Spain approves plan to dig up former dictator Franco

The tomb of former Spanish dictator Francisco Franco (AP Photo/Andrea Comas) Credit: AP/Press Association Images

Spain’s centre-left government says it has approved legal amendments ensuring the remains of former dictator General Francisco Franco will be dug up and removed from a controversial mausoleum.

Deputy prime minister Carmen Calvo said the minority Socialist government is certain that parliament will endorse the decision, probably next month.

The amendments to Spain’s Historical Memory Law of 2007 grant the government power to exhume Franco’s body.

That change aims to thwart legal efforts by Franco’s descendants and supporters to block the exhumation.

Removing the remains from the Valley of the Fallen, a mausoleum Franco ordered built 30 miles north west of Madrid, would be a momentous event in Spain which still bears social and political scars from the 1936-39 civil war.

The vast Valley of the Fallen complex is the most conspicuous public legacy of Franco’s rule. It was built as a tribute to those killed in the civil war when he deposed Spain’s democratic government in what he called his “glorious crusade”.

Some 34,000 people from both sides are buried at the site, most of them never identified.

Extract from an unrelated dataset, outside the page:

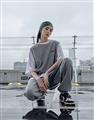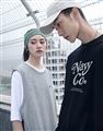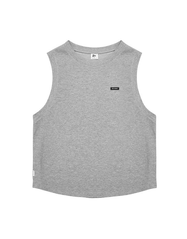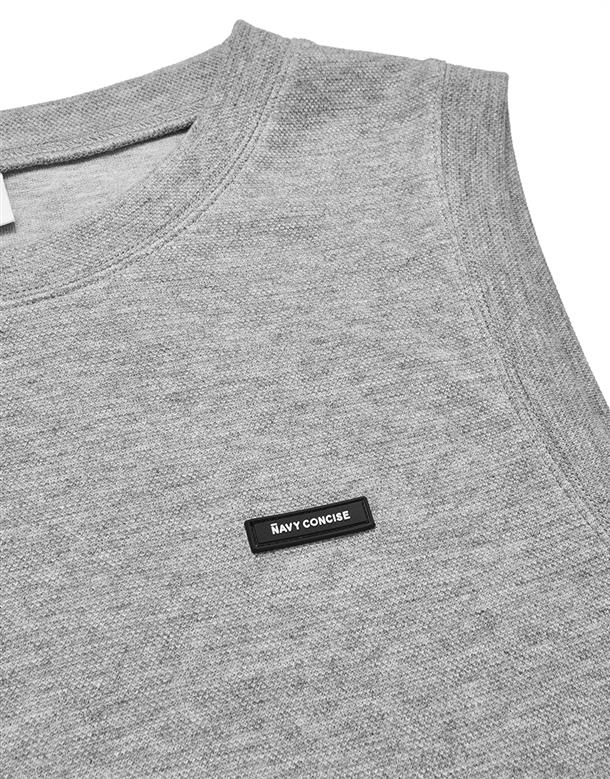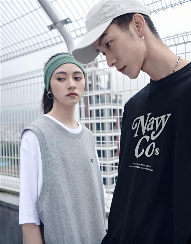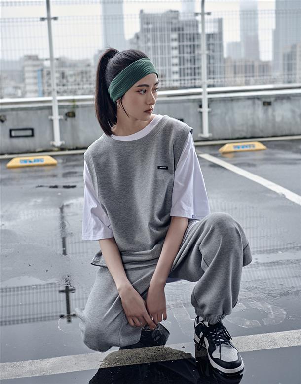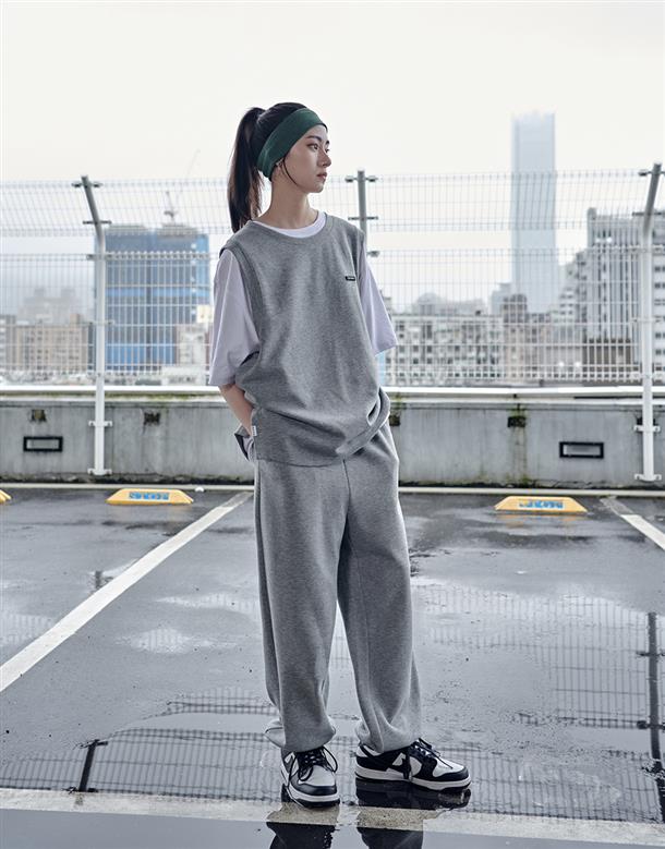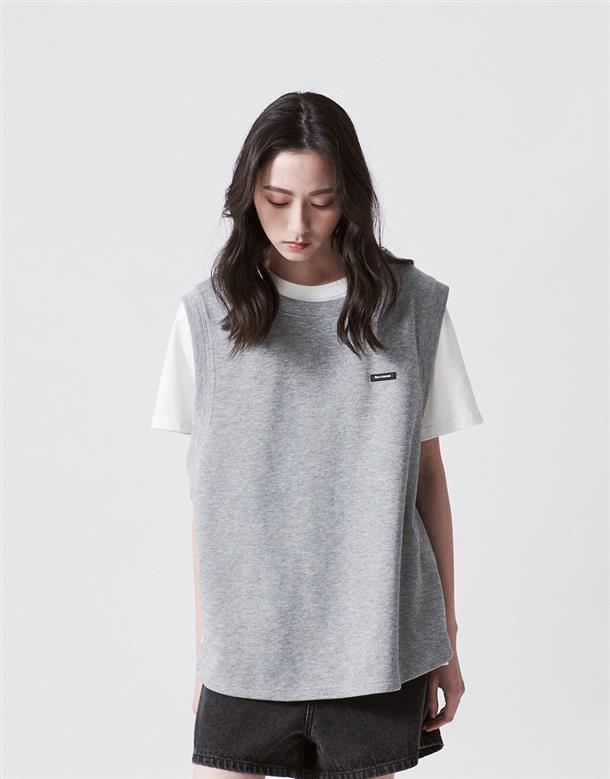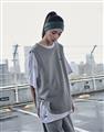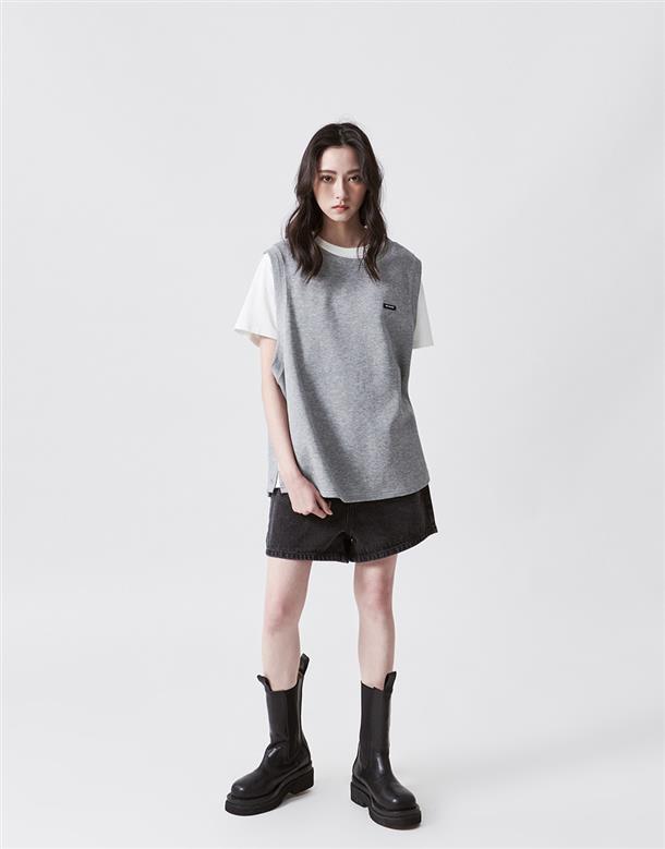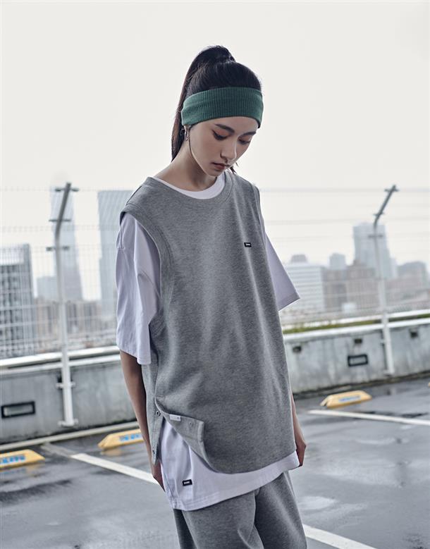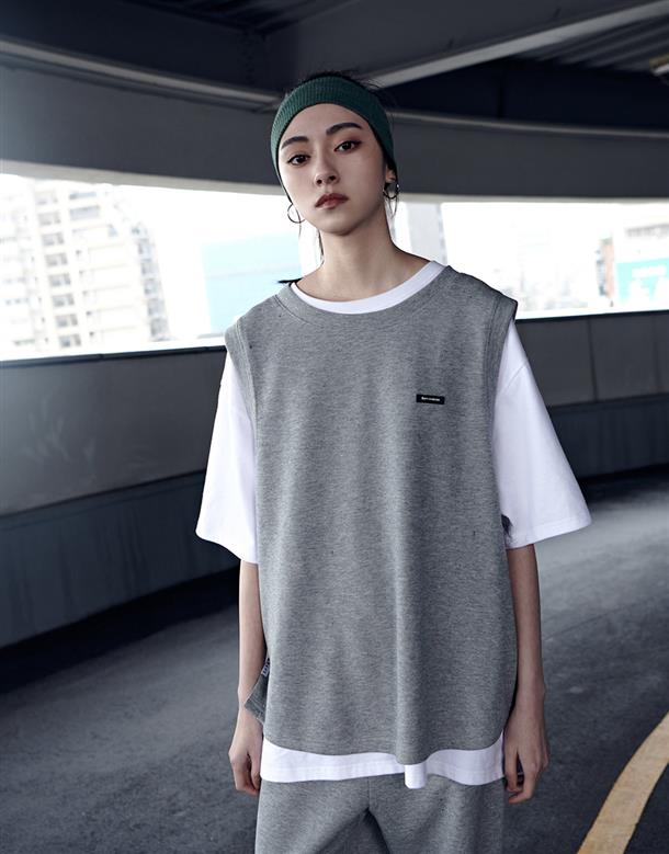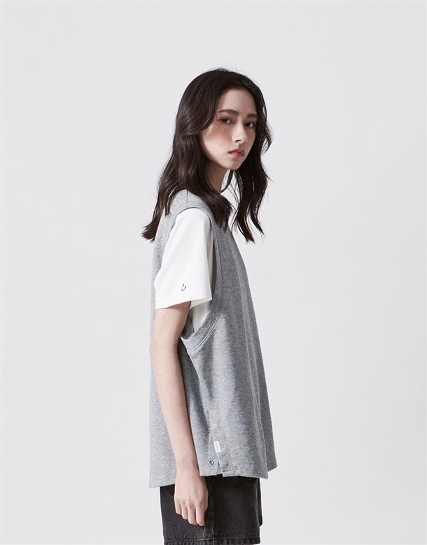 Navy City Girl著用,柔軟華夫格面料,下襬開衩可露出內短TEE造型,寬鬆版型背心。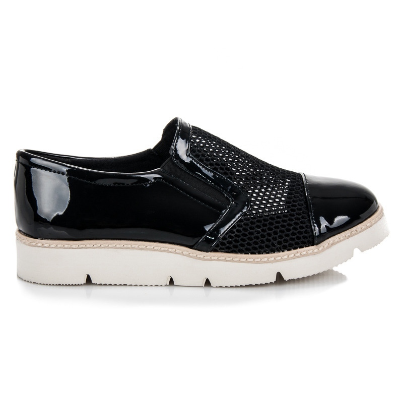 Découvrez l'élégance et le confort avec les chaussures vernies Vinceza, qui correspondent parfaitement aux dernières tendances de la mode. Ces chaussures noires élégantes sont un choix parfait pour les femmes qui apprécient à la fois l'esthétique et le confort de port. Leur coupe slip-on et leur design ajouré assurent facilité d'enfilage et respirabilité, ce qui les rend parfaits pour les journées de printemps et d'été.

The Valley of the Fallen monument at El Escorial Credit: Andrea Comas/AP

“Having Franco’s tomb (at the complex) shows a lack of respect … for the victims buried there,” Ms Calvo said. She noted that a visiting UN delegation said four years ago that “democracy is incompatible with a tomb which honours the memory of Franco”.

The Memory Law, which outlawed public events supporting the Franco regime, fell short of addressing the broad demands of civil war survivors and victims’ relatives for exhumations and reparations.

Franco’s descendants will be consulted and will have 15 days to say where they would like the remains to be placed after exhumation. If they do not reply, the government will choose a “dignified place”, Ms Calvo said after the government’s weekly cabinet meeting.

Francisco Martinez-Bordiu, a grandson of Franco, described the exhumation plans as “barbaric”, telling Antena 3 that descendants would assess legal options for halting it.

The 500ft cross is visible from miles away Credit: Andrea Comas/AP

An exhumation of Franco’s embalmed body — possibly as early as October — would cement the government’s reformist and liberal credentials after taking power last June.

Removing Franco from the mausoleum, which is owned and operated by the cultural heritage agency, a publicly funded body, has long been discussed in Spain.

Ms Calvo said the government is fast-tracking the exhumation because it wants to “end a state of affairs which cannot go on any longer”.

At next Friday’s cabinet meeting, detailed administrative procedures for the exhumation will be set out, she said.

The Valley of the Fallen complex includes a mausoleum and basilica in a neoclassic style and is a popular pilgrimage site for people who are nostalgic for the dictatorship.

It has a 500ft cross that can be seen from miles away.

Franco, who died in 1975, is in a tomb in the basilica’s central nave beneath a 1.5-metric ton tombstone.